• Material provided

--------------------

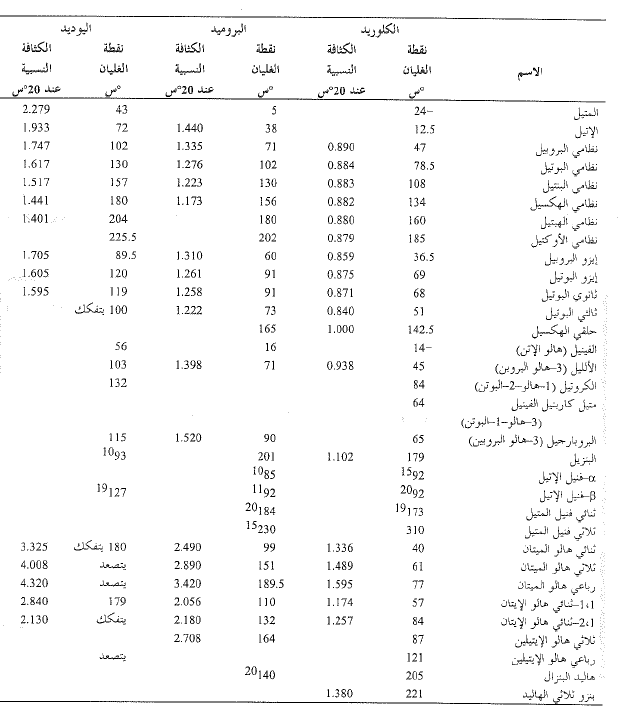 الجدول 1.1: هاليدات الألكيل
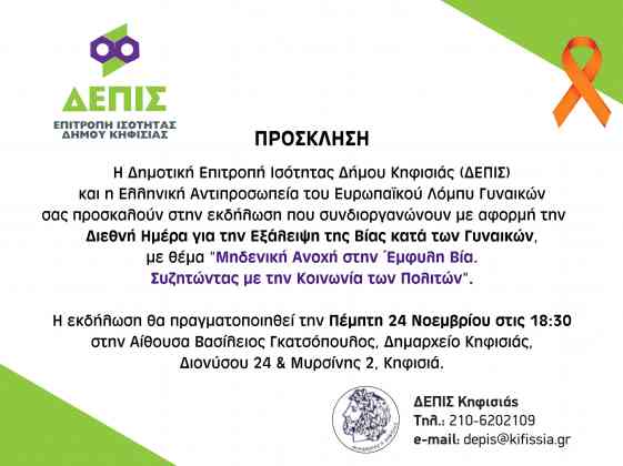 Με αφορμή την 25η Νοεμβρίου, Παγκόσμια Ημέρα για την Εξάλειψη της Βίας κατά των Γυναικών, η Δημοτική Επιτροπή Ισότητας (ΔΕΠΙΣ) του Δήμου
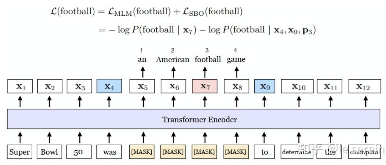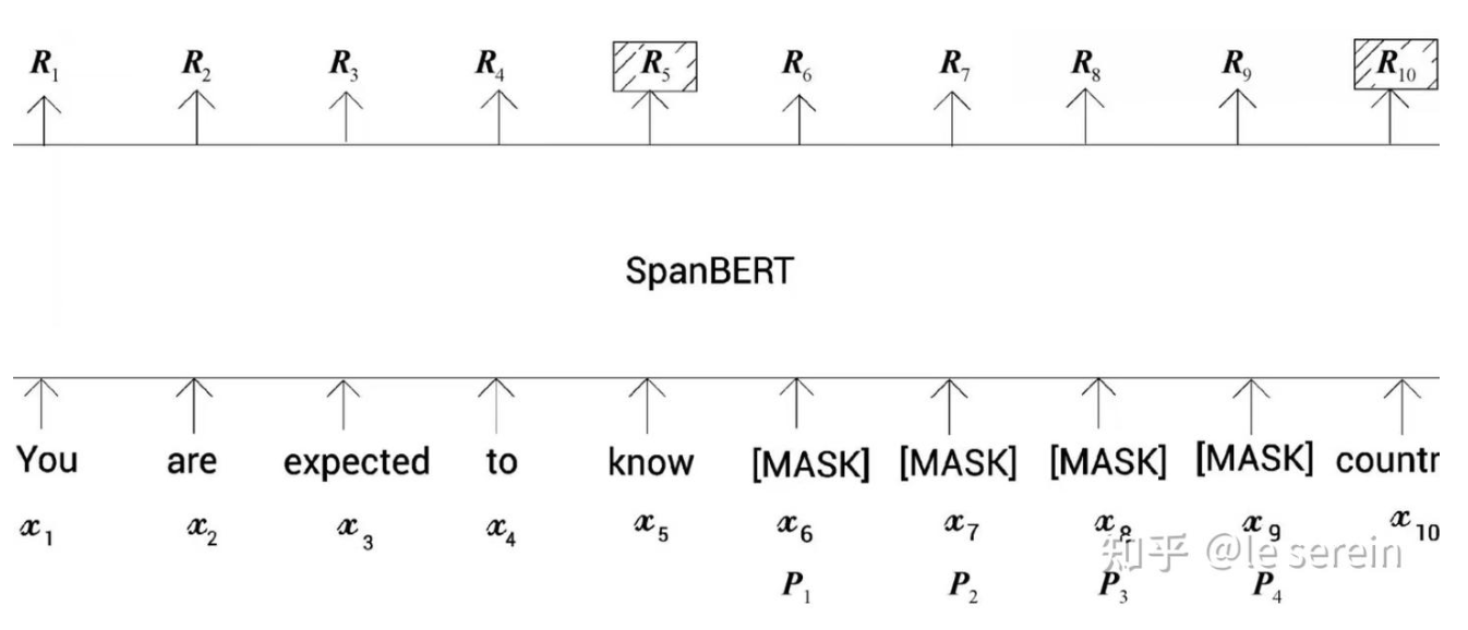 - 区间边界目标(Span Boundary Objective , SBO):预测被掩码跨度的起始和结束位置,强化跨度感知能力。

--------------------

• Task prompt
Give back the material above exactly as written, but omit the images.

• Written solution
 الجدول 1.1: هاليدات الألكيل
 Με αφορμή την 25η Νοεμβρίου, Παγκόσμια Ημέρα για την Εξάλειψη της Βίας κατά των Γυναικών, η Δημοτική Επιτροπή Ισότητας (ΔΕΠΙΣ) του Δήμου
 - 区间边界目标(Span Boundary Objective , SBO):预测被掩码跨度的起始和结束位置,强化跨度感知能力。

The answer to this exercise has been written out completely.